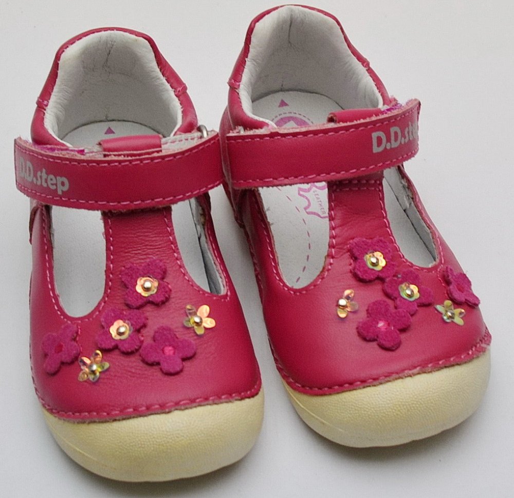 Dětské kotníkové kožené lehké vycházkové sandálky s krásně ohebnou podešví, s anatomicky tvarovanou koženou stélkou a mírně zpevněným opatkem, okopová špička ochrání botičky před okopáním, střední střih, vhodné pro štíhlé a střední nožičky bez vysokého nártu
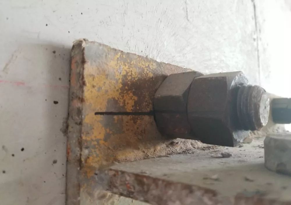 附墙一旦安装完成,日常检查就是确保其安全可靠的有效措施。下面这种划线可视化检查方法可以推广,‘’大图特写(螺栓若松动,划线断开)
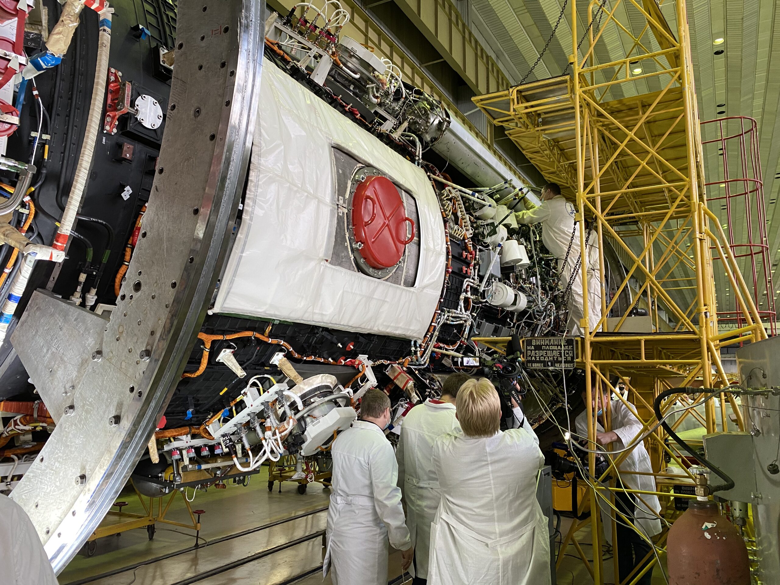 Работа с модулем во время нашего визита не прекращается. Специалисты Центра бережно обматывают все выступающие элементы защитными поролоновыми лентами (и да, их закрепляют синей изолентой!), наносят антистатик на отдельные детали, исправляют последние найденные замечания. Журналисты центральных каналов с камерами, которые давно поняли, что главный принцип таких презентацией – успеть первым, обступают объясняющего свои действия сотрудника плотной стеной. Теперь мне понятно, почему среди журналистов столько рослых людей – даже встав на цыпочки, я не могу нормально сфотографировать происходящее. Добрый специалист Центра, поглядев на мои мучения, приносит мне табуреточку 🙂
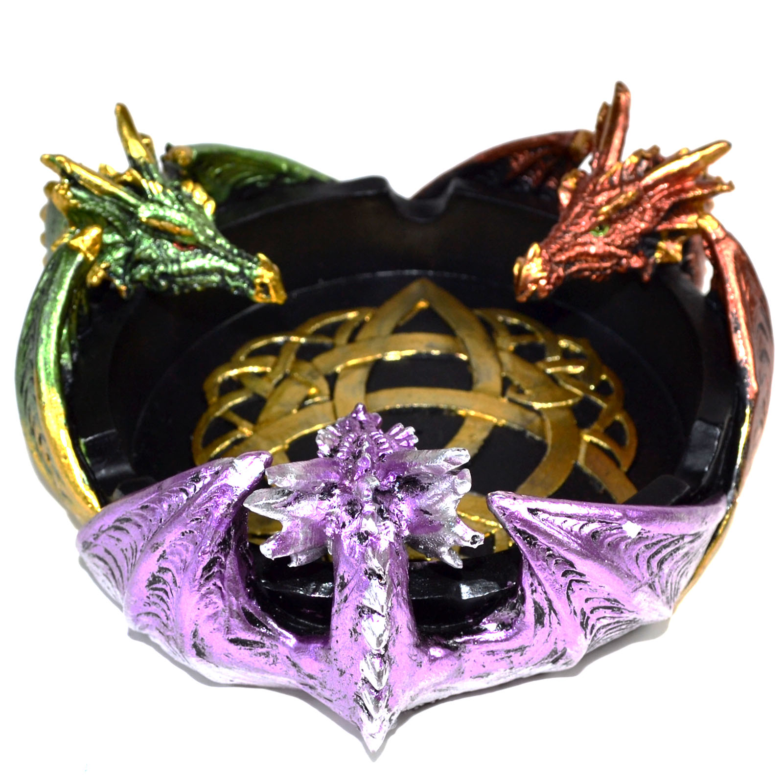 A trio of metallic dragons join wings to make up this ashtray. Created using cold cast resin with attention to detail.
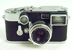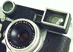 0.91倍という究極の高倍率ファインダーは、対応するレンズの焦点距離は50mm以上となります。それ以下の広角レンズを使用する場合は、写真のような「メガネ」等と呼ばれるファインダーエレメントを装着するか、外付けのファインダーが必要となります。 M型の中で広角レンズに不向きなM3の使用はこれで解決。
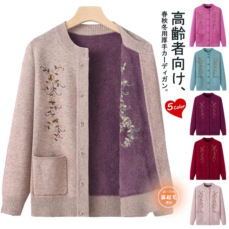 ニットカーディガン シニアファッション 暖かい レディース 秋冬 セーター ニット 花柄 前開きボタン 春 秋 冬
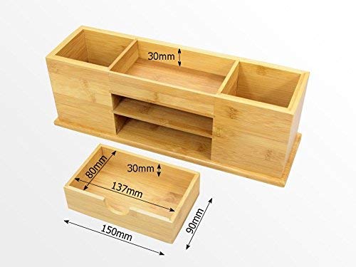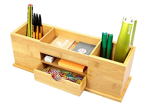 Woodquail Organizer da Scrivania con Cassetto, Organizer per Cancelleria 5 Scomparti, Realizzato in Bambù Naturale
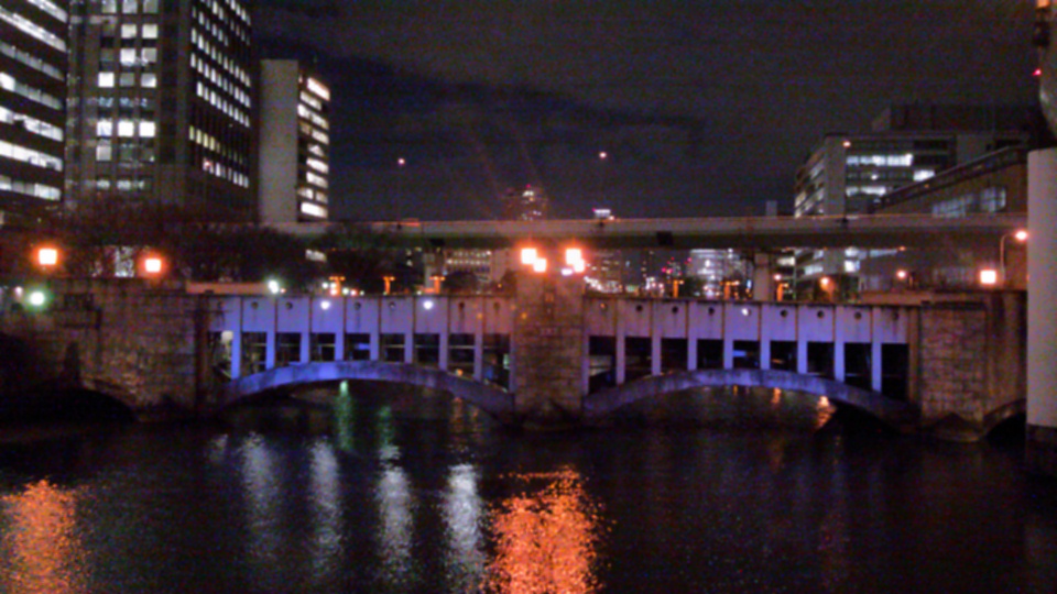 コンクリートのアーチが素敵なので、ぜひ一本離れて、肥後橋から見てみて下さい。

★ ★ ★ ★ ★ ★ ★

WHAT YOU HAVE TO DO: Every line from the one containing "A trio of metallic" through the end of the listing is to be copied exactly; the pictures are not.

RESPONSE TO THIS EXERCISE:
 A trio of metallic dragons join wings to make up this ashtray. Created using cold cast resin with attention to detail.
 0.91倍という究極の高倍率ファインダーは、対応するレンズの焦点距離は50mm以上となります。それ以下の広角レンズを使用する場合は、写真のような「メガネ」等と呼ばれるファインダーエレメントを装着するか、外付けのファインダーが必要となります。 M型の中で広角レンズに不向きなM3の使用はこれで解決。
 ニットカーディガン シニアファッション 暖かい レディース 秋冬 セーター ニット 花柄 前開きボタン 春 秋 冬
 Woodquail Organizer da Scrivania con Cassetto, Organizer per Cancelleria 5 Scomparti, Realizzato in Bambù Naturale
 コンクリートのアーチが素敵なので、ぜひ一本離れて、肥後橋から見てみて下さい。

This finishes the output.